Vielen Dank für Eure Hinweise.

mfg  DJ  Sash


----------



## shimmyrot (15. Mai 2007)

*AW: Oblivion:Charakter während des Spiels ändern?*

Bitte sehr

http://www.pcgames.de/?menu=0901&s=thread&bid=362&tid=5017896


----------



## DJSash (15. Mai 2007)

*AW: Oblivion:Charakter während des Spiels ändern?*



			
				shimmyrot am 15.05.2007 16:22 schrieb:
			
		

> Bitte sehr
> 
> http://www.pcgames.de/?menu=0901&s=thread&bid=362&tid=5017896



Hallo!

Ja, bin nach der Überschrift rausgeflogen...
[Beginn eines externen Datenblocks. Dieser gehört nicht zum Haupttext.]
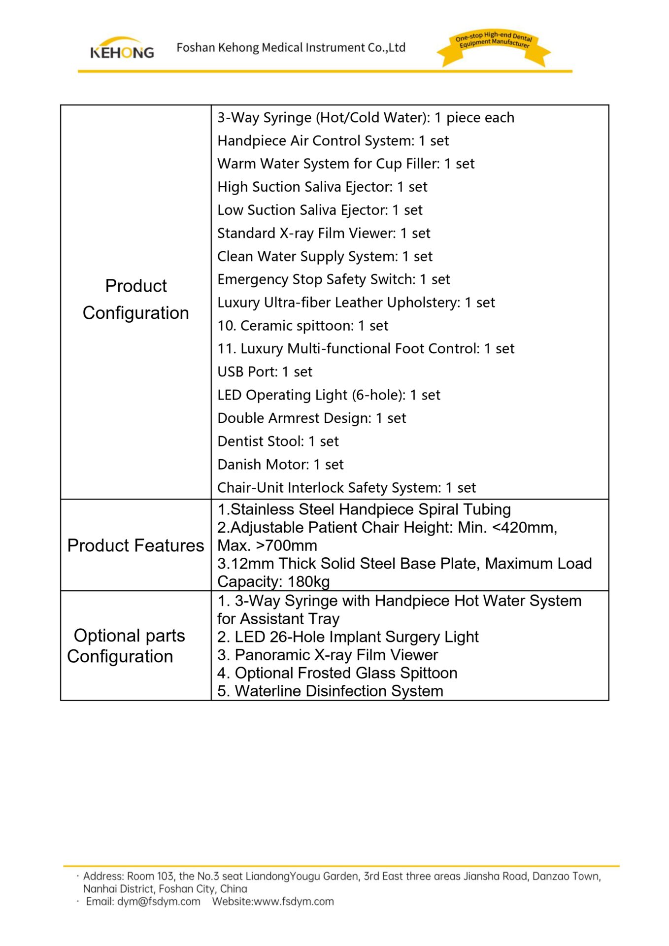 Popular white&yellow LED light automatically sensor water supply dental chair
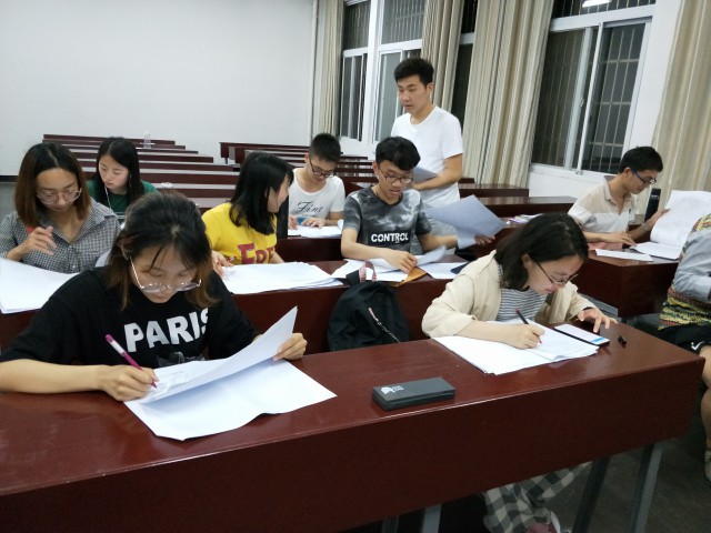(图为17级辅导员批阅试卷)

Habe Deinen link gelesen, vielen Dank. Ich meinte so etwas, wie dieses komplette Erstellungsmenue am Anfang.

Bis dann.      DJSash


----------



## Dominik10 (15. Mai 2007)

*AW: Oblivion:Charakter während des Spiels ändern?*

Also soweit ich weiß kann man seinen Charakter während des Spiels NICHT verändern!!!
mfg Dominik


----------



## shimmyrot (15. Mai 2007)

*AW: Oblivion:Charakter während des Spiels ändern?*

Das geht doch mit showracemenu? Kanns leider nicht testen da nicht installiert.

@Dominik10: Doch


----------



## RoTTeN1234 (15. Mai 2007)

*AW: Oblivion:Charakter während des Spiels ändern?*



			
				shimmyrot am 15.05.2007 16:30 schrieb:
			
		

> Das geht doch mit showracemenu? Kanns leider nicht testen da nicht installiert.
> 
> @Dominik10: Doch





Jap geht: 

mit  ^ (Taste neben der  1) die Konsole öffnen showracemenu eingeben und voila... AAABER Vorsicht. Hast du deinen Charakter geändert, drücke ESC und speicher das Spiel in einen neuen Slot, dann lade es direkt aus dem Menü wieder. Dann behältst du deine Stats, die ansonsten soweit ich weiß zurückgesetzt werden .

Viel Spaß


Edit: hoppla steht doch im Link?


----------



## shimmyrot (15. Mai 2007)

*AW: Oblivion:Charakter während des Spiels ändern?*

Jaja hatte sich nur so angehört, als ob es bei DJSash nicht geklappt hätte.


----------



## DJSash (15. Mai 2007)

*AW: Oblivion:Charakter während des Spiels ändern?*



			
				shimmyrot am 15.05.2007 18:33 schrieb:
			
		

> Jaja hatte sich nur so angehört, als ob es bei DJSash nicht geklappt hätte.



Hallo!

Nö, das sollte sich nicht so anhören. Klappt wunderbar, habe ich inzwischen auch schon probiert. Auf jeden Fall vielen Dank.

Bis dann.   DJ  Sash


----------



## RoTTeN1234 (16. Mai 2007)

*AW: Oblivion:Charakter während des Spiels ändern?*



			
				shimmyrot am 15.05.2007 18:33 schrieb:
			
		

> Jaja hatte sich nur so angehört, als ob es bei DJSash nicht geklappt hätte.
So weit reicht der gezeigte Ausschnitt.